Czech Go to Polls in Crucial General Elections
Czech voters are going to the polls Friday and Saturday to cast ballots in early parliamentary elections.
The Czech parliament was dissolved in August following weeks of turmoil in Czech politics.
Prime Minister Petr Necas' government collapsed in June amid a bribery scandal, and a government of technocrats, formed by President Zeman in July and opposed by the main political parties, resigned in August.
Polls forecast a victory for the opposition parties on the left.
The ruling right wing is set to suffer a loss amid voter's frustration with austerity, stagnating living standards and corruption.
According to polls, the main opposition Czech Social Democrats (CSSD) will be the winners with about 25-30% of the vote, although support for it showed slight decline in recent days.
Meanwhile, the hardline Communist Party of Bohemia and Moravia (KSCM) is likely to get 15% and might rule, albeit in coalition, for the first time since the 1989 Velvet Revolution.
This prompted David Cerny, famous and controversial Czech artist, known for his strong anti-communist stance to float a huge purple statue of an extended middle finger down the River Vltava.
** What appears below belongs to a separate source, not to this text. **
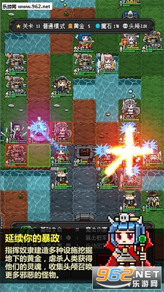 玩家将扮演恶魔守护者,通过训练恶魔军队和建设防御设施,打败所有的勇者!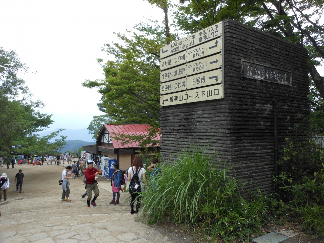 高尾山山頂から来る以外に、稲荷山コースから高尾山山頂への石段には行かずに左に巻いて来る。小仏城山方面から縦走してくるなど行き方は幾つかあります。

The giant purple hand has been mounted on a barge floating on the river and is pointed at Prague Castle, the seat of President Milos Zeman.
The Civic Democrats (ODS) (formerly led by Necas) and the other right-wing parties in the coalition will suffer a heavy blow, according to forecasts. Some polls put ODS as low as 6.5% while the threshold for parliamentary representation is 5%.